In my journey through a life plagued with mental ill-heath, I’ve been very blessed to have attended counselling and psychotherapy a number of times. While my experience of therapy has largely been very positive, there are some things to be wary of for anyone considering this path of support.
Certainly, people often attend therapy because they are facing serious problems and are desperate for help. The attentive listening and unconditional positive regard of therapists can help many people to heal, to feel more empowered, to learn more about their thoughts and emotions, and to grow as people.
I attended psychotherapy with one therapist for two years, and the healing and growth I experienced was truly life-changing in a very positive way. I learned things about myself that were previously unimaginable. It might even be fair to say that those sessions saved my life. And I’m sure others who have attended therapy could say the same thing.
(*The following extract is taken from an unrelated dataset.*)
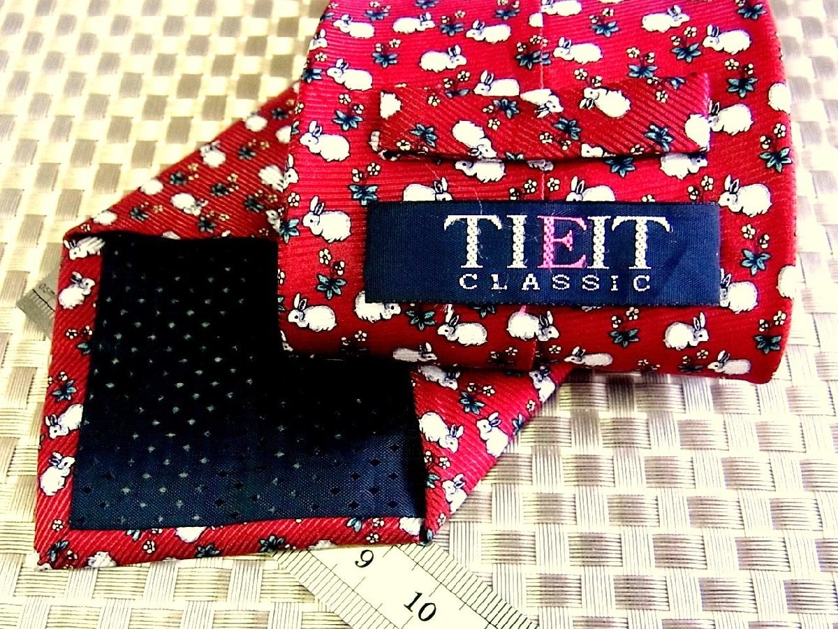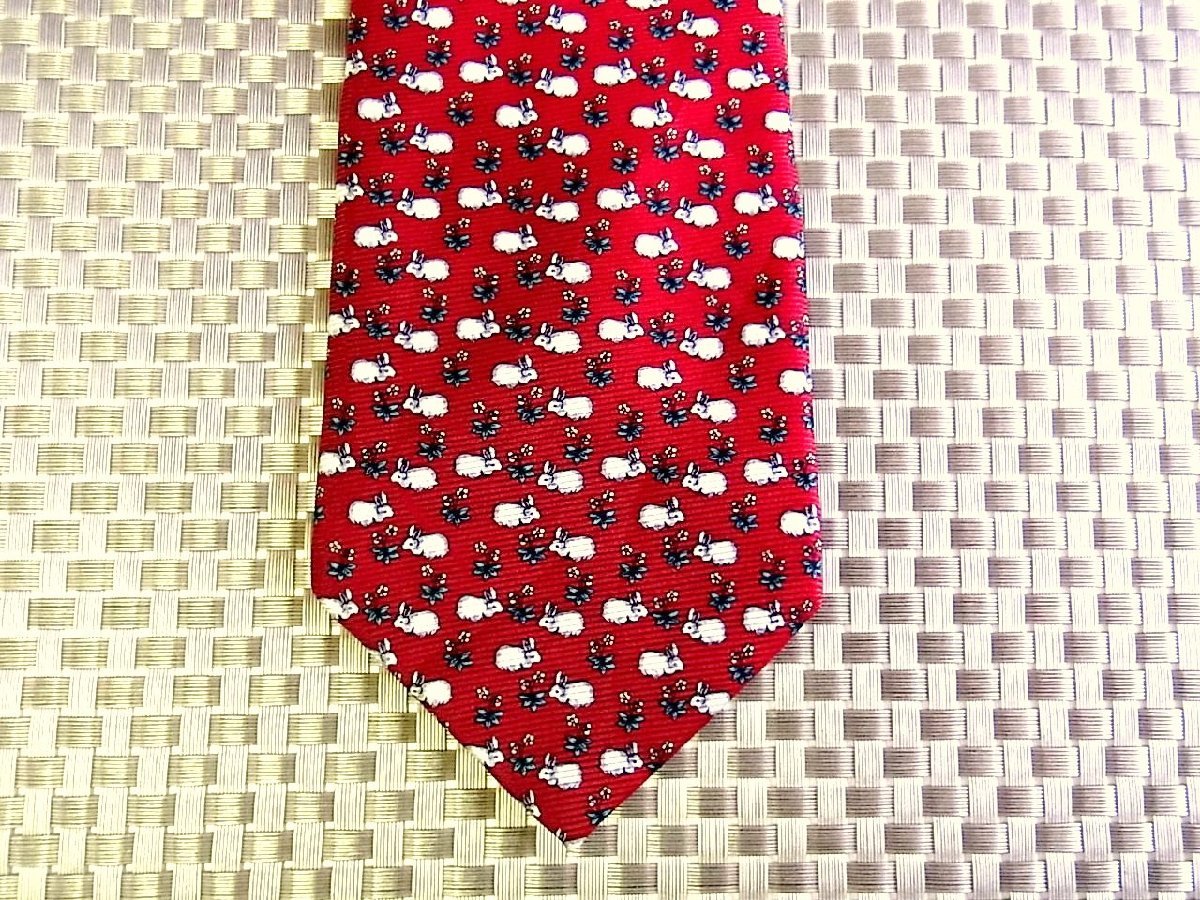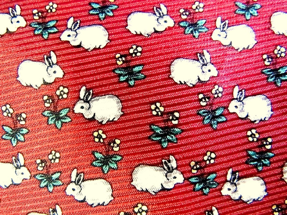 DC01177♪良品【キャラ柄】シルク100%「兎 うさぎ 動物 花 植物」ネクタイ♪

Despite the potential for wonderful growth, healing, and transformation in therapy, there can also be some pitfalls to look out for.
Firstly, someone’s training may trap them in a certain way of thinking (and everyone has their own personality, of course), which might not be a good fit for a client. It can be dangerous to approach counselling with the attitude that whichever counsellor you see is going to help you, as this is to belittle yourself and not recognise that the unique giftings you have to offer the world may not be a great fit for every counsellor. After all, you want your therapist to bring out the best in you, not to stifle you.
Another pitfall I want to mention is the danger of being stuck in a counselling relationship for longer than necessary. It is of course the case that therapists have a financial interest in keeping clients, and this is true however much they may be sensitive to avoiding being abusive. It’s so important for clients to weigh up for themselves whether they are truly benefiting from a therapeutic relationship, and if not, to take the brave step to courteously and gently explain that they wish to end their sessions.
Thirdly, I’ve learned, after having sessions with 6-8 different therapists (I’ve lost count!), that counselling relationships involve a distinct power play. The fact that a client is paying a counsellor, who has the benefit of being considered an expert, can create a distorted power balance which can be unhelpful. I’ve noticed, for instance, that often while therapists will look their clients directly in the eyes at all times, they sometimes expect their clients to adopt a submissive posture, looking down or away. This is a subtle form of abuse and it’s definitely something to be wary of. You should always feel that your therapist is not so much your superior, but more your neighbour in the Christian sense. If this isn’t the case, it may be an unhealthy relationship that will do you more harm than good.
I would never want to paint a picture of counsellors as monsters, such are the tremendous benefits they can offer people in distress. But with the counselling profession increasing in popularity all the time, I hope my suggestions serve as useful food for thought for people who are considering attending therapy but who may not have the benefits of the experience I have gained through my numerous forays into therapeutic relationships.